Jared Gold is an American jazz organist who plays the Hammond B-3 organ.

He attended William Paterson University in Wayne, New Jersey. In 1988 he won the Governor's Award for Jazz Performance in New Jersey. He has worked with Ralph Bowen, Benny Golson, Bill Goodwin, Bob Mintzer, Ralph Peterson Jr., Benny Powell, John Swana, and John Webber. Gold has been influenced by Larry Young, Jack McDuff, and Don Patterson.
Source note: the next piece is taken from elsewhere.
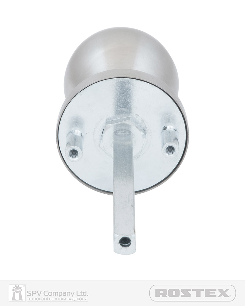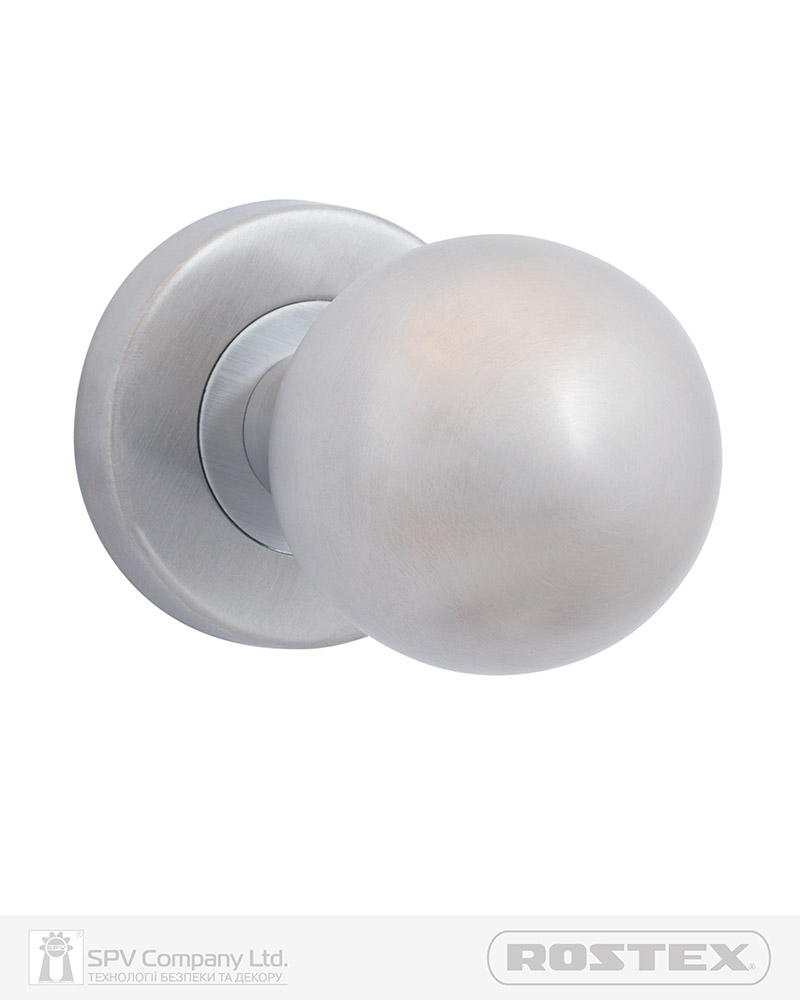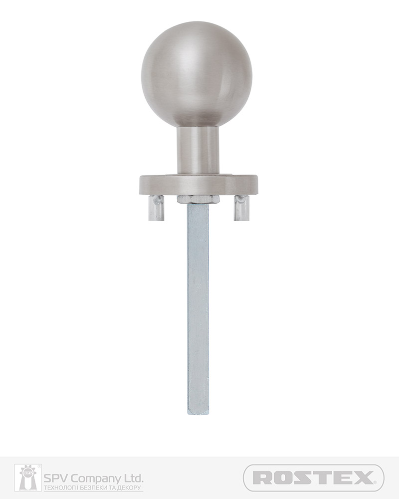 Ручка-кнопка підходить для дверей товщиною 38-52 мм. Довжина штоку 85мм. Дизайн ручки пасуватиме інтер’єрам громадського призначення. Матова поверхня та сферична форма приємні на дотик. Фурнітура має щиток круглої форми.

In 2004, guitarist Dave Stryker included Gold in his trio with drummer Tony Reedus. Gold appeared at Chez Hanny in 2005 with the Dan Pratt Organ Quartet, and in 2007 he toured the UK with the Randy Napoleon Trio. He recorded his first solo album, Solids & Stripes (Posi-Tone, 2008) with Randy Napoleon on guitar, Seamus Blake on tenor saxophone, and Mark Ferber on drums. Gold appears on two albums with Napoleon and drummer Quincy Davis. These are Enjoy the Moment and Randy Napoleon: Between Friends. The first is a collaboration between Gold and Napoleon and prominently features two of Gold's compositions.

==Discography==
- Solids & Stripes (Posi-Tone, 2008) with Randy Napoleon
- Supersonic (Posi-Tone, 2009) with Ed Cherry
- Out of Line (Posi-Tone, 2010) with Dave Stryker
- All Wrapped Up (Posi-Tone, 2011)
- Golden Child (Posi-Tone, 2012) with Ed Cherry
- Intuition (Posi-Tone, 2013) with Dave Stryker
- JG3+3 (Posi-Tone, 2014) with Dave Stryker
- Metropolitan Rhythm (Posi-Tone, 2015) with Dave Stryker
- Reemergence (Strikezone, 2018) with Dave Stryker

===With Oliver Lake===
- Makin' It (Passin' Thru, 2008)
- Plan (Passin' Thru, 2010)
- What I Heard (Passin' Thru, 2014)

===With Randy Napoleon===
- Enjoy the Moment (PKO, 2002)
- Between Friends (Azica, 2006)

===With Dan Pratt Organ Quartet===
- Springloaded (Sunny Sky, 2004)
- Toe The Line (Posi-Tone, 2010)

===With Avi Rothbard===
- Going Somewhere (MidLantic, 2002)

===With Dave Stryker===
- The Chaser (Mel Bay, 2006)
- One for Reedus (SteepleChase, 2010)
- Keystone (SteepleChase, 2010)
- Blue Strike (SteepleChase, 2011)
- Blue to the Bone IV (SteepleChase, 2012)
- Eight Track (Strikezone, 2014)
- Messin' with Mister T (Strikezone, 2015)
- Eight Track II (Strikezone, 2016)
- Strykin' Ahead (Strikezone, 2017)
- Eight Track III (Strikezone, 2019)
- Eight Track Christmas (Strikezone, 2019)
- Prime (Strikezone, 2023)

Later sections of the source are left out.